W-M5P
islem_h
New Altair Community Member
Hello everyone,
I am using the W-M5P from the weka extension to get a model tree and be able to extract rules. However, I always get only one rule (shown in the screenshot) and also I don't get the graph of the tree at all unlike with the rapidminer regression tree or random forest.
It would be great if anyone could help here
Thank you in advance!
I am using the W-M5P from the weka extension to get a model tree and be able to extract rules. However, I always get only one rule (shown in the screenshot) and also I don't get the graph of the tree at all unlike with the rapidminer regression tree or random forest.

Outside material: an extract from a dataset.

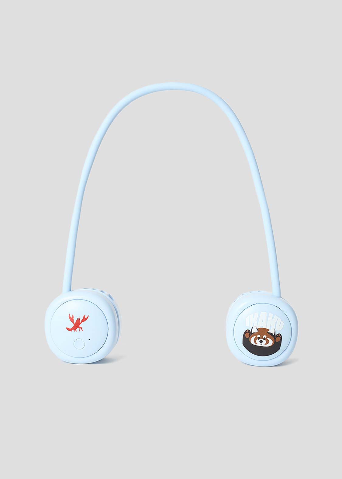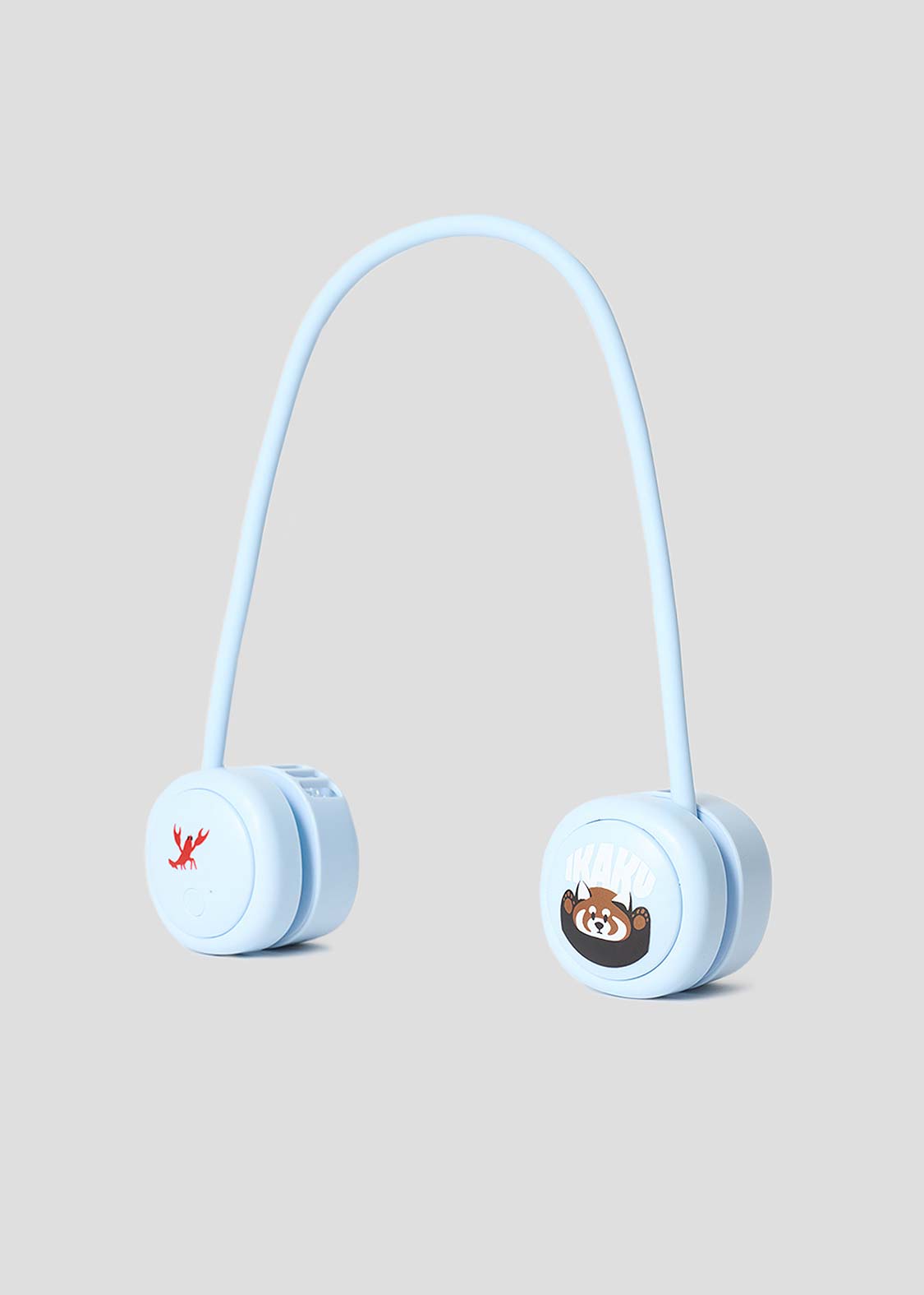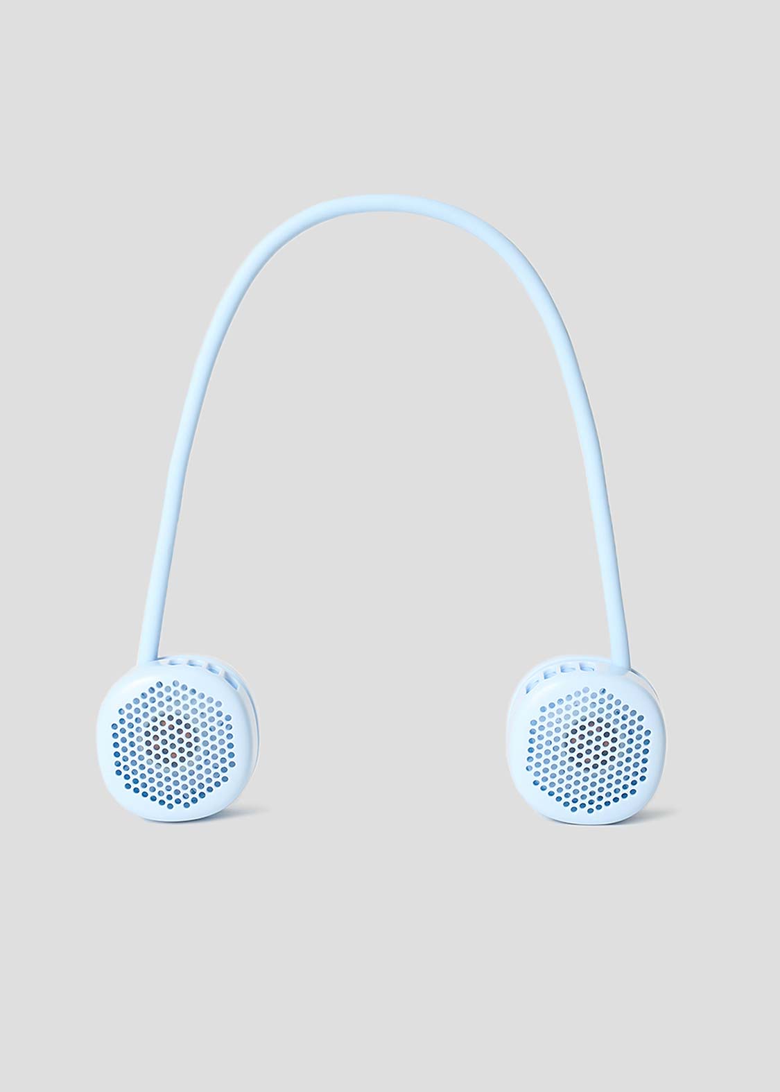 ・首にかけて使用できるUSB充電式ポータブル扇風機。
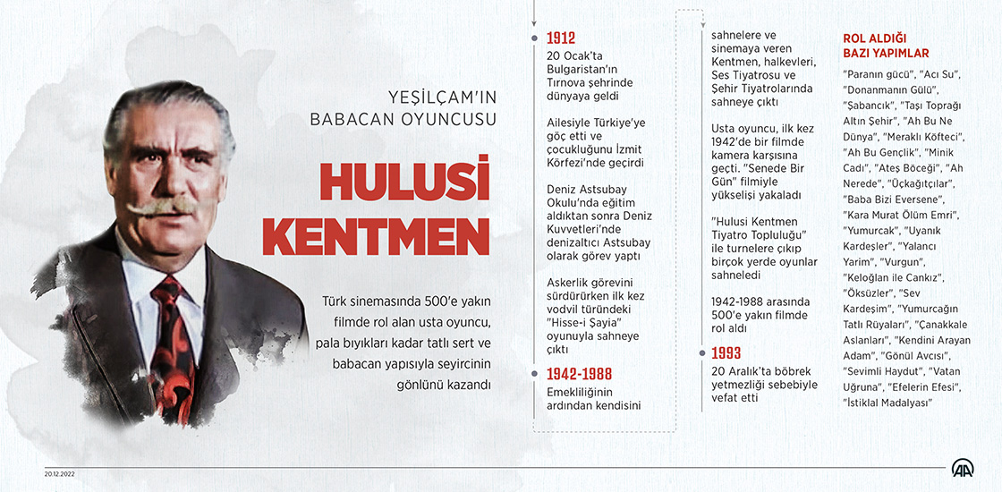 Türk sinemasında 500'e yakın filmde rol alan usta oyuncu, pala bıyıkları kadar tatlı sert ve babacan yapısıyla seyircinin gönlünü kazandı. (Grafik: Kemal Delikmen/AA)

It would be great if anyone could help here
Thank you in advance!
0
Best Answer
-
Hello @islem_h
I have gone through your process and I don't fing any issues with your process. I have gone through Ross Quinlan paper on M5 algorithms and observed that this is the way this algorithm works. Actually, M5 is Model-based tree building algorithm in contrast to traditional regression-based tree building methods. This builds models at the leaves rathen than placing values like decision tree. One of the major capabilities of M5 is that it can remove variables based on a greedy approach and some times all of them. Also, the pruning strategy is different. I attached the link to this algorithm you can go through this to understand.M5 uses a greedy search to remove variables that contribute little to the model; in some cases, m5 removes all variables, leaving only a constant
The algorithm is generating a single linear equation based on your data. When you compare this with the Decision tree algorithm, then you see differences, this is because they work on regression rules. If you want W-M5 to build a regression-based tree model, then you can select the option "R" in the parameters of W-M5P, this gives you are regular regression based tree.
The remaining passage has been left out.